31b“Now the Son of Man has been glorified, and God has been glorified in him. 32If God has been glorified in him, God will also glorify him in himself and will glorify him at once. 33Little children, I am with you only a little longer. You will look for me; and as I said to the Jews so now I say to you, ‘Where I am going, you cannot come.’ 34I give you a new commandment, that you love one another. Just as I have loved you, you also should love one another. 35By this everyone will know that you are my disciples, if you have love for one another.”

Maundy Thursday, March 24, 2016
Tonight we gather for Maundy Thursday, from the Latin word mandatum- commandment. It is the night we remember the new commandment Jesus gave to his friends and companions. Jesus said, “love one another, as I have loved you.”
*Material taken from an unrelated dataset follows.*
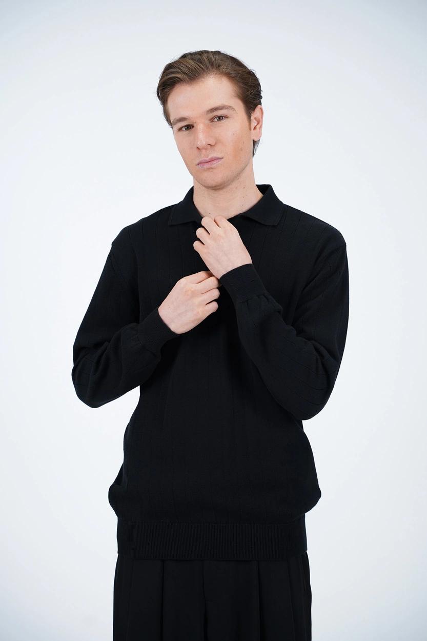 بافت مردانه سهدکمه با یقهبرگردان کلاسیک، یکی از مدلهایی است که هیچگاه از مد نمیافتد. طراحی دکمهدار در قسمت یقه علاوه بر جنبه تزئینی، این امکان را میدهد که استایل لباس را بسته به موقعیت تغییر دهید. میتوانید با باز گذاشتن دکمهها ظاهری اسپرت و روزمره داشته باشید یا با بستن آنها استایلی رسمیتر و مرتبتر بسازید. فرم یقهبرگردان نیز جلوهای مردانه و منظم به لباس میدهد که برای هر سنی مناسب است.
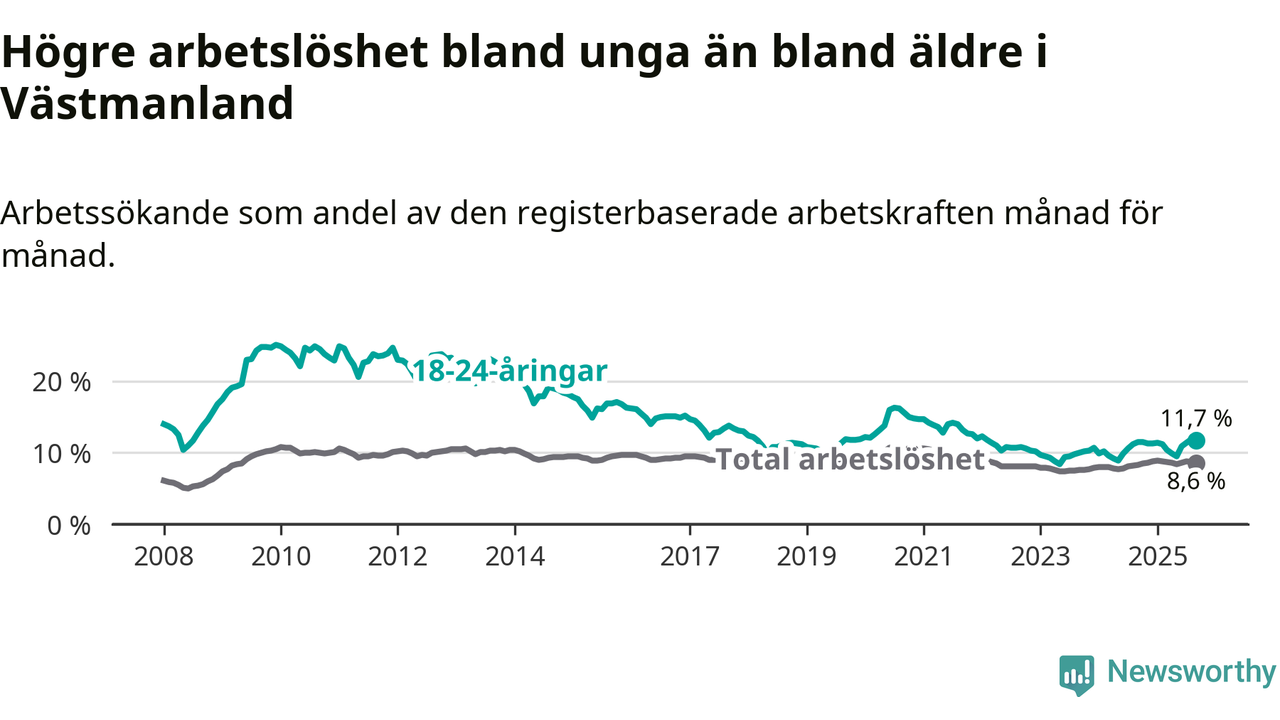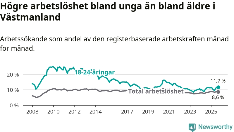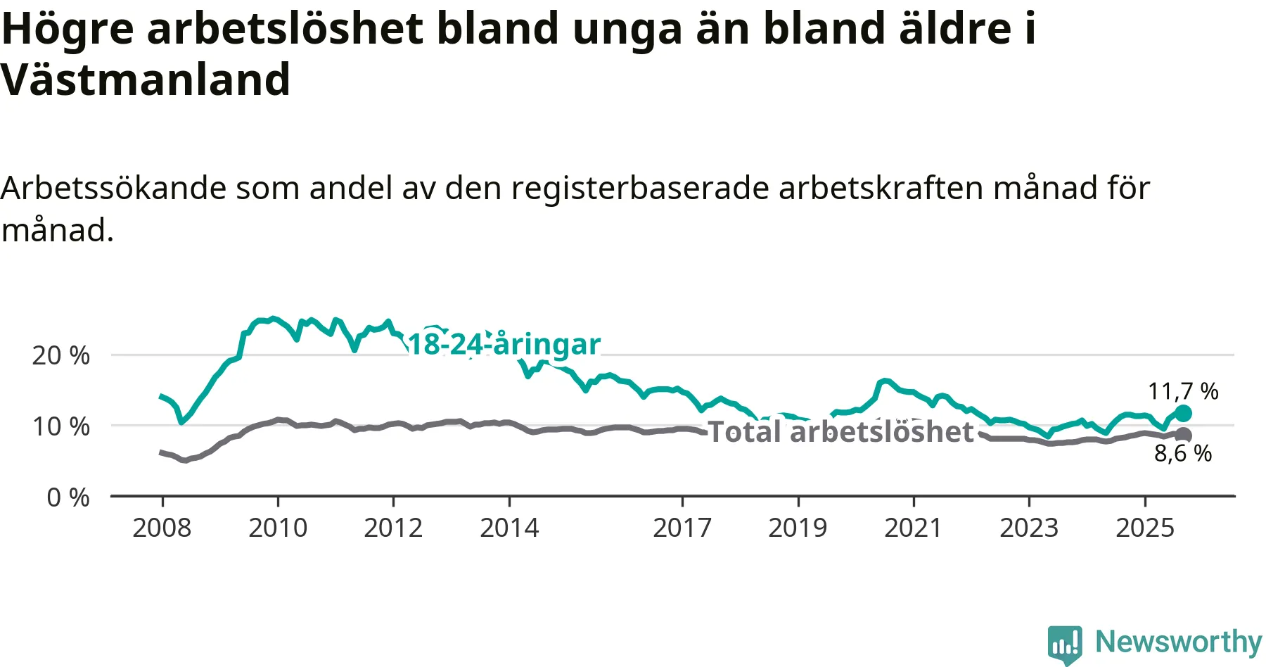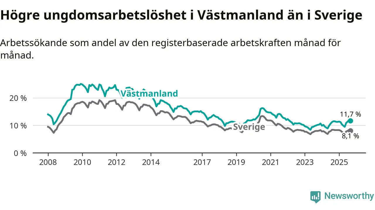 I och med den senaste månadens uppgång har de ungas arbetslöshet i Västmanland stigit 22 månader i följd (upp från 10,3 procent i november 2023 till 11,7 procent nu).

To love is at once simple and complex. A young child is capable of love, but only if he or she receives love. It is not innate, not something with which we are born; rather, the human capacity to love is shaped by the love we receive or not. If a child has someone who loves them, their brains respond and grow. If they don’t, their ability to love is diminished, their ability to connect is stunted.
Yet love is a uniquely human experience, defining who we are as people. Without love, we are more likely to be angry, disconnected, forlorn, unknown, and unknowable. Love is the basis of human relationship, the building blocks of connectedness and community. It is something we crave and long for: to be loved and accepted and known.
Jesus commands, “Love one another, as I have loved you.” How was it that Jesus loved? He loved unconditionally and without end. He loved with humility. He loved in action and in word.
So often, we try to earn love, yet the love that Jesus gave was given even when it was not merited or deserved, even when the person he beheld was at their worst. When the rich young man could not give up his wealth, Jesus looked at him with love. When Judas betrayed Jesus, he had been at table with Jesus, a sign of love and belonging in that culture. Jesus loved those who were rejected, those who had done wrong. He loved the tax collector, the prostitute, the Pharisee, the sinner, the leper, and the foreigner. Jesus loved when others rejected. His love knew no bounds, and it broke divisions.
What does this mean for us today as inheritors of this commandment to love? In this time, when our culture is divided, when fear of the other threatens to override neighborliness, Jesus’ love is needed more than ever. We are agents of Jesus’ love. Let us be bold as we follow in his footsteps. Amen.